Louisiana Florist Case Moot

John Kramer
John Kramer · August 1, 2006

Arlington, Va.—Today (August 1, 2006), the 5th U.S. Circuit Court of Appeals dismissed as moot a lawsuit brought by the Institute for Justice on behalf of would-be florists in Louisiana against the Louisiana Horticulture Commission. The court cited disruptions caused by Hurricane Katrina, which made the plaintiffs in the lawsuit Meadows v. Odom unable to proceed. (One of the Institute for Justice’s original clients passed away during the course of the litigation while the others have been forced to move out of the state or pursue other occupations in the wake of Katrina.)

When a case is moot, it means there is no longer a viable case to be pursued. In this case, none of the women who filed suit can still pursue flowing arranging in Louisiana. The court vacated the trial court’s decision that had upheld the law and remanded the case to the trial court to dismiss.

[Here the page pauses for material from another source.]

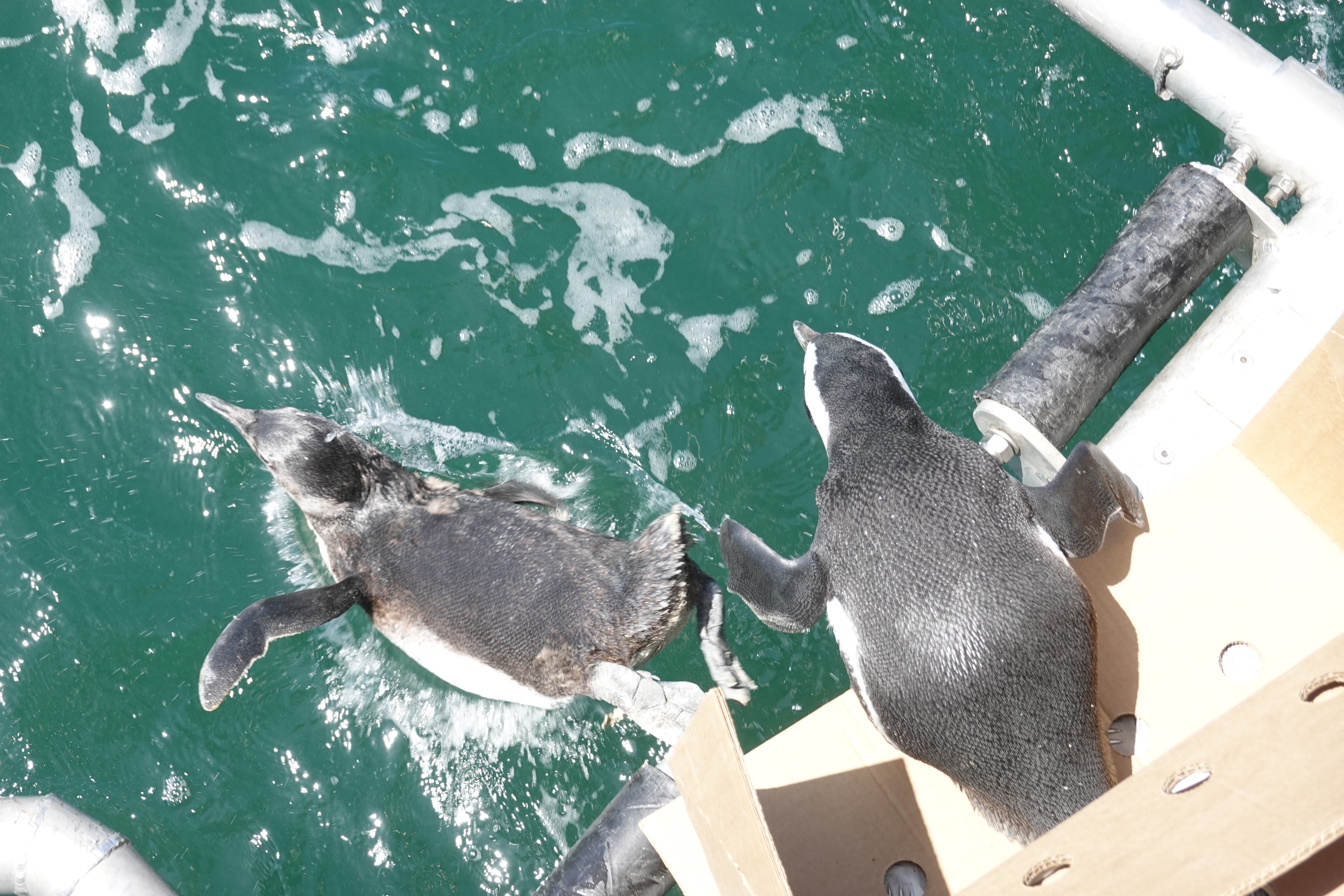 The highlight of our trip was that our boat was used by a conservation team to release nine injured penguins back into the wild to rejoin their colony. The penguins had been hurt in attacks by seals and sharks before being rescued and rehabilitated. The penguin population has been much depleted by human intervention, for example their nesting material has been harvested for use as fertiliser. Local charities are now providing nesting boxes.

Louisiana remains the only State in the nation that demands that florists secure a government-imposed license to practice their craft. Existing florists get to grade the test that their potential competitors must pass to secure that license. The test is so subjective and arbitrary that nearly two-thirds fail, including applicants with decades of experience. Even the State’s own expert witness hired to help defend the law in court described the test as not “fundamentally fair” to applicants.

The Institute for Justice is now considering whether to file another similar legal challenge with new clients, but has not yet reached a decision.